**EXERCISE GOAL:** Reproduce each line of the following material exactly, omitting the images.

====== AVAILABLE DATA

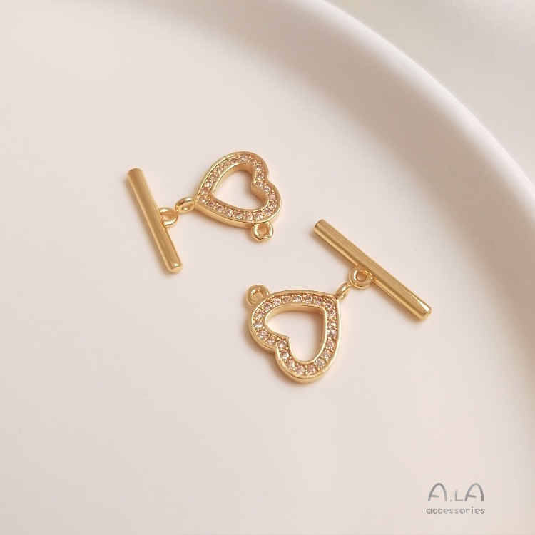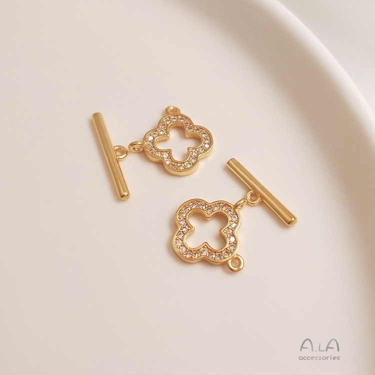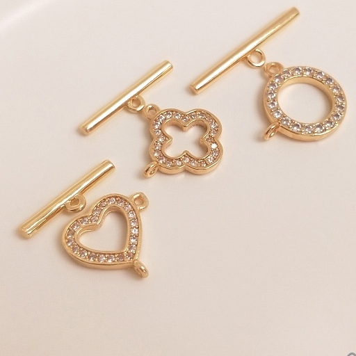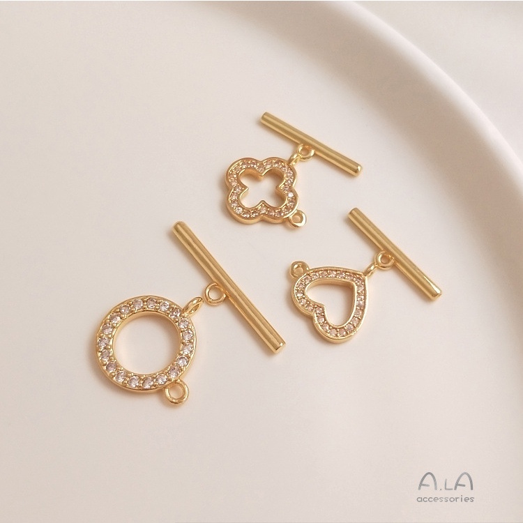宏雲Hongyun-Ala-14K鍍金保色鍍真金色微鑲鋯石幸運草愛心OT扣手鏈項鏈連接扣DIY配件14K包金心形鋯石OT扣 1套|14K包金四葉草鋯石OT扣 1套|14K包金圓形鋯石OT扣 1套HongYun飾品配件批發零售
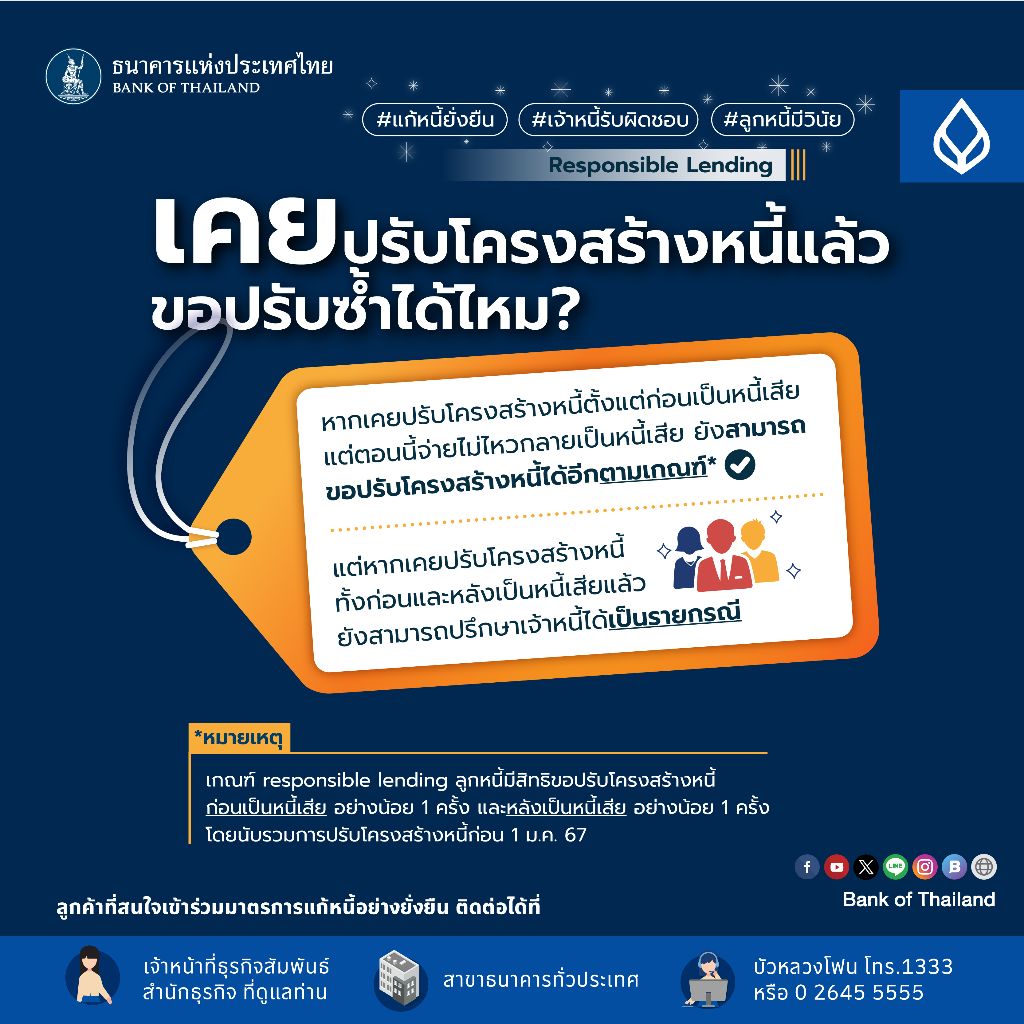 ดังนั้น ถ้ามีปัญหาการจ่าย ขอปรับโครงสร้างหนี้ อย่าปล่อยให้เป็นหนี้เสีย
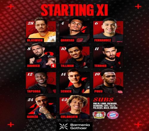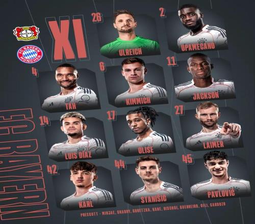 北京時間3月14日22:30,德甲第26輪展開較量,拜仁慕尼黑客場對陣勒沃庫森。賽前雙方首發公布。
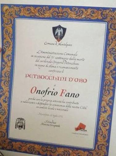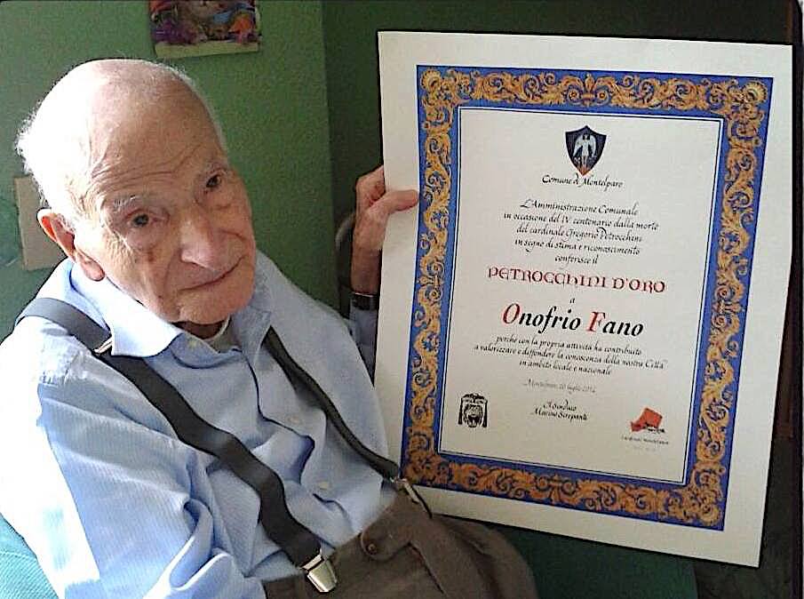 In coincidenza del compimento dei suoi 100 anni, nel 2014, l’Amministrazione Comunale di Montelparo insignì il “Maestro Fano” del premio “Montelparese dell’Anno”, istituito nel 2012 per ricordare e commemorare i 400 anni dalla morte del Cardinal Gregorio Petrocchini (camerlengo di Papa Sisto V°): mai premio fu tanto giusto!

============

**SOLUTION BELOW:**
宏雲Hongyun-Ala-14K鍍金保色鍍真金色微鑲鋯石幸運草愛心OT扣手鏈項鏈連接扣DIY配件14K包金心形鋯石OT扣 1套|14K包金四葉草鋯石OT扣 1套|14K包金圓形鋯石OT扣 1套HongYun飾品配件批發零售
 ดังนั้น ถ้ามีปัญหาการจ่าย ขอปรับโครงสร้างหนี้ อย่าปล่อยให้เป็นหนี้เสีย
 北京時間3月14日22:30,德甲第26輪展開較量,拜仁慕尼黑客場對陣勒沃庫森。賽前雙方首發公布。
 In coincidenza del compimento dei suoi 100 anni, nel 2014, l’Amministrazione Comunale di Montelparo insignì il “Maestro Fano” del premio “Montelparese dell’Anno”, istituito nel 2012 per ricordare e commemorare i 400 anni dalla morte del Cardinal Gregorio Petrocchini (camerlengo di Papa Sisto V°): mai premio fu tanto giusto!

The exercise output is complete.